- The Washington Times - Monday, January 4, 2010

If it’s a new year — and it is — it’s time for some tech resolutions, or goals, if you prefer that word. Here’s a rundown of things to watch for, and perhaps implement:

(1) “Backup, backup, backup.” This is a perennial one, but it’s no less true. If the information, or photos, or numbers, or whatever on your computer are of any significant importance to you, you need to regularly back up your data, preferably in a manner that is easy to restore.

Both Microsoft Windows 7 and Apple’s Mac OS X Snow Leopard have easy ways of doing this onto physical media, especially an “external” (to the computer) hard-disk drive. Online services such as Carbonite.com and Mozy.com offer remote backups via the Internet.

Your Internet provider might offer some online storage; services such as Google’s Gmail and Yahoo Mail offer mailboxes large enough for you to park a number of files as e-mail attachments. USB flash memory drives can hold many gigabytes worth of data.

By now, you get the idea: If there’s something digital that matters to you, make a copy. Keep the copy “off site” if you can, just in case disaster strikes.

(2) “Organize, organize, organize.” A great thing about computers these days is you can throw stuff anywhere and find it with ease: operating systems and other tools will index a hard drive quickly and find scraps fast. But an organized system for your data is better, so put one together and stick to it.

This organization isn’t limited to your digital data, however. Where’s the manual for your printer? How about the CD with the software drivers? How about your program disks, or the operating system?

Many items can be found online, such as any number of manuals and driver downloads. Hewlett Packard is especially good in this regard; their Web site will direct you quite nicely.

But replacing a copy of Microsoft Windows XP or Microsoft Office can be expensive and time consuming. That’s one reason why backups are important. Finding, and keeping safe, your original disks is even more important, in case a data or program file becomes corrupted and has to be restored. Today, just about every new Windows-based PC has a mechanism for creating “rescue” or “system restore” disks using some blank CD- or DVD-ROMs. Be sure to use it.

(3) “Secure your wireless network.” As I drive around the D.C. suburbs, I’m surprised at how many homes (and not a few businesses) have unsecured wireless routers that I could “drop in” on and use to access the Internet as well as other computers in the house. Besides stealing someone’s paid-for broadband connection, I could, conceivably, expose the homeowner to some risk if I used that connection for a nefarious purpose.

Don’t laugh: it’s happened more than once, according to press accounts. The 2008 “TJX” Internet security breach, in which an estimated 40 million credit and debit card numbers were stolen, was enabled in part by “wardriving” hackers who prowled suburbia for wireless onramps to the information superhighway.

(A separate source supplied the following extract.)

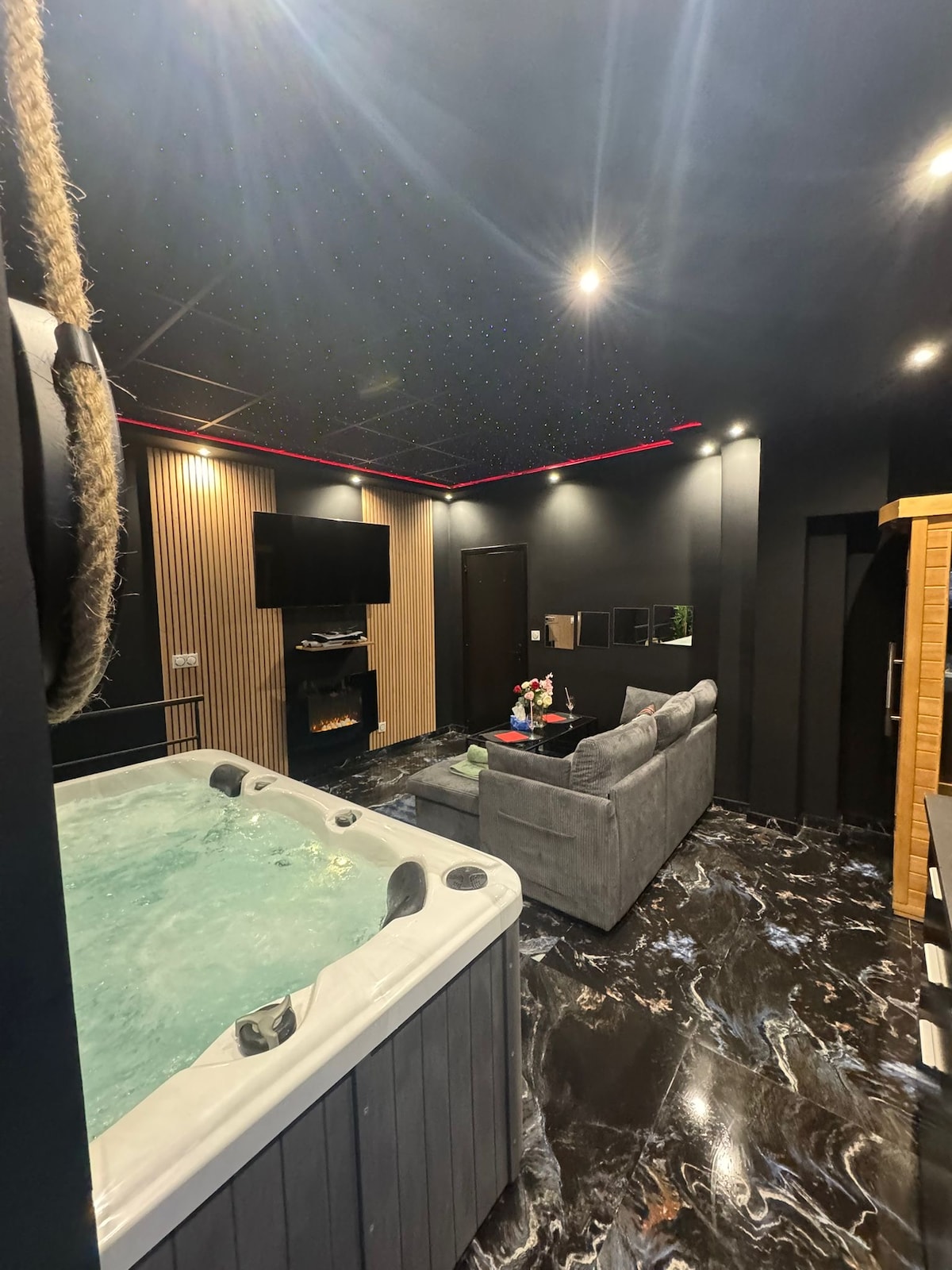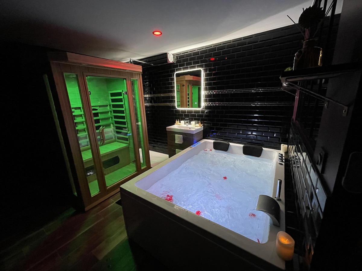 ❤️🔥 Discover the luxury Love Room VELVET & LEATHER at 20min from Paris, perfect for a romantic and sexy getaway ! 💎 Spa bath, private sauna, cloudy-effect king-size bed, stripping bar, tantra sofa, etc. 💋 Explore new sensations and create unforgettable memories together in the incredibly equipped secret BDSM playroom space 🎬 92" Cinema face to the bed with Netflix, Prime Vidéo, Disney+, Spotify 💫 Escape to a haven of peace and luxury for a unique and memorable experience !
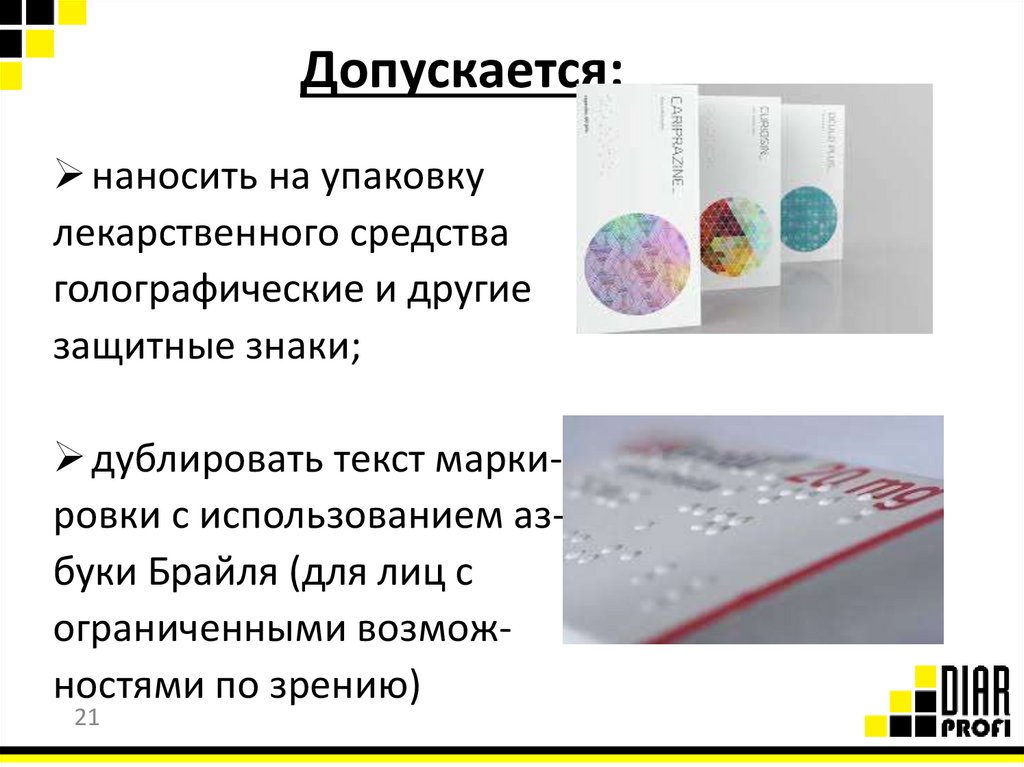 дублировать текст маркировки с использованием азбуки Брайля (для лиц с

The safeguard is simple: turn on “WEP” security on your wireless router, and make sure every wireless user in your house knows and uses the password. Yes, it will take some effort and may require consulting your router’s manual, or even a house call by your Internet provider, but the peace of mind is priceless.

(4) “Get your (digital) groove on.” I’ve written quite a bit this past year about moving music around the house and so forth. Now’s the time to make things happen. Put your CDs on iTunes, get some wireless players such as Sonos’ S5 or Logitech’s Squeezebox Boom, network the gear and rock out (or chill out) when, where, and how you choose. If you have Ethernet throughout the house, even better.

Another alternative: Get a clock radio/iPod/iPhone dock such as those made by Sony or TEAC. It’ll cost you about $100 or so at Costco, Target, BestBuy or similar stores. Then, you’ve got your music where you want it, while recharging your device.

Those are some ideas for a better tech year ahead. More will follow.